Jusqu’en 1990, la gendarmerie rwandaise compte environ 2000 hommes, pour la plupart mal formés, qui commettent des exactions et rackettent la population. Durant cette période, le MRND (Mouvement Révolutionnaire National pour le Développement, le parti unique au pouvoir) assure le quadrillage de la population avec un système de surveillance qui descend du président de la République jusqu’au « responsable de dix maisons », Nyumba kumi. Ce quadrillage permet au pouvoir de contrôler et d’influencer une population qui n’a accès, à part la radio d’Etat, à quasiment aucune autre source d’information dans ce pays majoritairement rural et montagneux. Ce quadrillage, d’abord exclusivement dévolu au MRND, est au fil des années peu à peu partagé avec la gendarmerie.
A partir d’octobre 1990, le FPR lance une opération militaire d’envergure qui fait trembler le pouvoir à Kigali. À la même époque, la pression internationale – qui contraint Mitterrand à faire son célèbre discours de La Baule – pousse les gouvernements de la Françafrique à introduire dans leur dictature certaines apparences démocratiques. Parmi celles-ci, le multipartisme, qui a pour conséquence de priver le MRND de son pouvoir de contrôle de la population. Quant à l’offensive du FPR du 1er octobre 1990, elle réoriente l’action de la gendarmerie vers des missions davantage militaires, un des axes principaux étant la lutte contre l’ennemi intérieur et extérieur, autrement dit le Tutsi du FPR.

L’arrivée des DAMI

Après 1990 la gendarmerie rwandaise n’est pas en mesure d’assurer l’ensemble de ses missions. La France, qui envoie plusieurs DAMT (détachements militaires d’assistance technique) et DAMI (détachements d’assistance militaire et d’instruction), en crée un pour réorganiser la gendarmerie en 1992. Ce DAMI conduit plusieurs missions, en lien avec la lutte contre le « terrorisme », un terrorisme dénoncé par les extrémistes hutus comme étant le fait du FPR [2] et de ses complices dans le pays. Il s’avérera que ces actes sont le fait d’extrémistes hutus aux ordres du pouvoir et qu’ils permettent de justifier les violences et les massacres dont sont victimes les Tutsi entre 1992 et 1994 [3] [4]. Le DAMI gendarmerie assure la formation des gendarmes rwandais, sous la houlette du lieutenant-colonel Michel Robardey, un gendarme présent au Rwanda depuis 1990 comme conseiller technique pour la gendarmerie rwandaise.
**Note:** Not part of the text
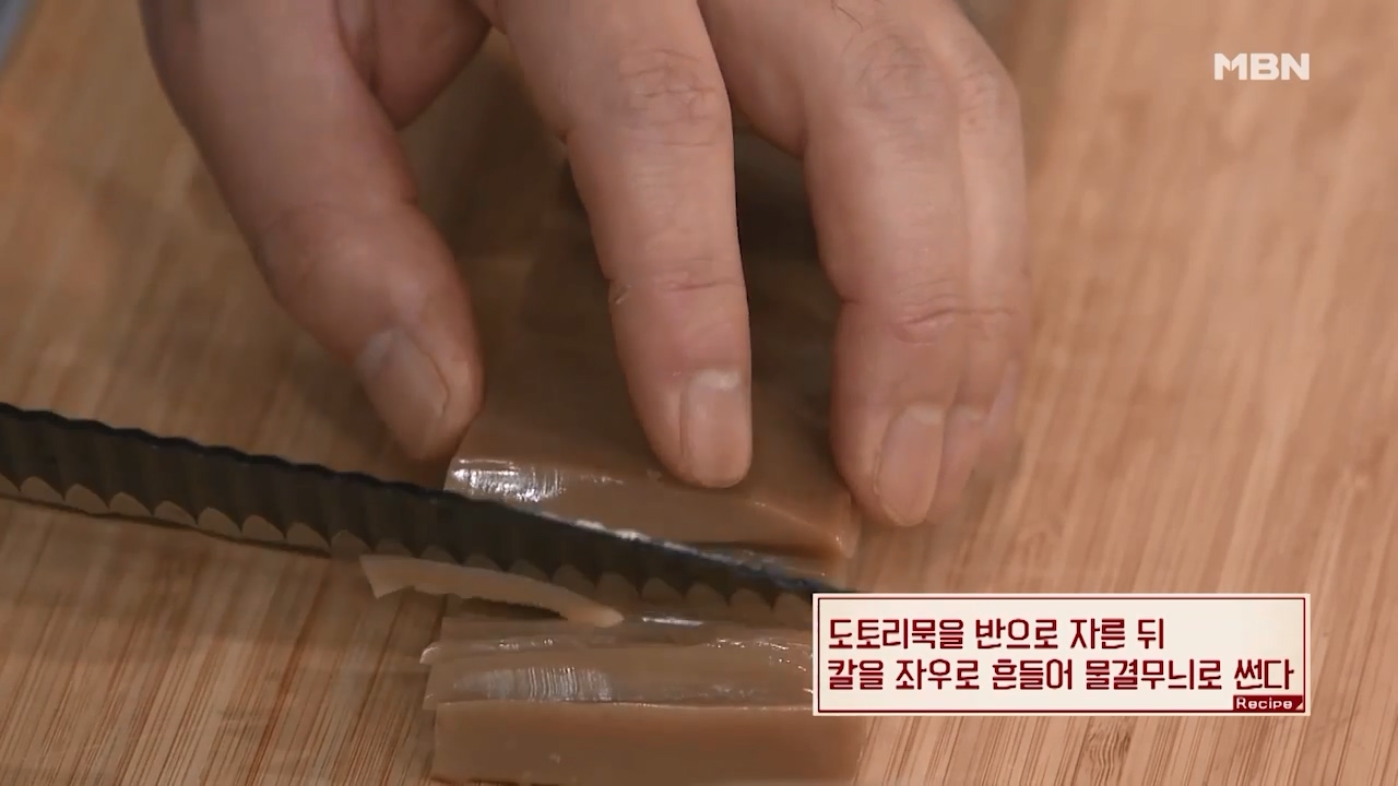 1. 도토리묵은 칼 앞날을 도마에 고정시키고 좌우로 흔들면서 잘라 물결무늬가 나오게 도토리묵을 잘라줍니다.

Dans le cadre de la formation de la gendarmerie, ce DAMI intervient pour trois missions : la réorganisation du Centre de Recherche et de Documentation Criminelle (CRCD), la formation de gendarmes pour qu’ils deviennent officiers de police judiciaire (OPJ) et la conduite d’enquêtes judiciaires. Il est actif de juin 1992 à juillet 1993. La formation par des gendarmes français d’une unité de recherche anti-terroriste fut d’abord refusée par le président Habyarimana, comme par l’attaché militaire français à Kigali, le lieutenant-colonel Bernard Cussac. Ce n’est qu’après une visite à Kigali du général Varret, chef de la mission militaire de coopération, qu’Habyarimana consentit, en juin 1992, à la création de cette unité demandée par le lieutenant-colonel Robardey. Sa formation fut confiée à quatre gendarmes français désignés par Robardey qui redonnèrent au CRCD le rôle de pôle d’enquête et d’investigation qui lui était dévolu. Quelques semaines après sa mise en place, les attentats avaient largement diminué [5]. Ce succès amena le ministre de la justice Stanislas Mbonampeka [6] à exprimer sa satisfaction à l’ambassadeur de France. Mais la mission de ces formateurs fut interrompue dès janvier 1993 car le lieutenant-colonel Cussac, avait « oublié » de remplir les formulaires pour la reconduire [7].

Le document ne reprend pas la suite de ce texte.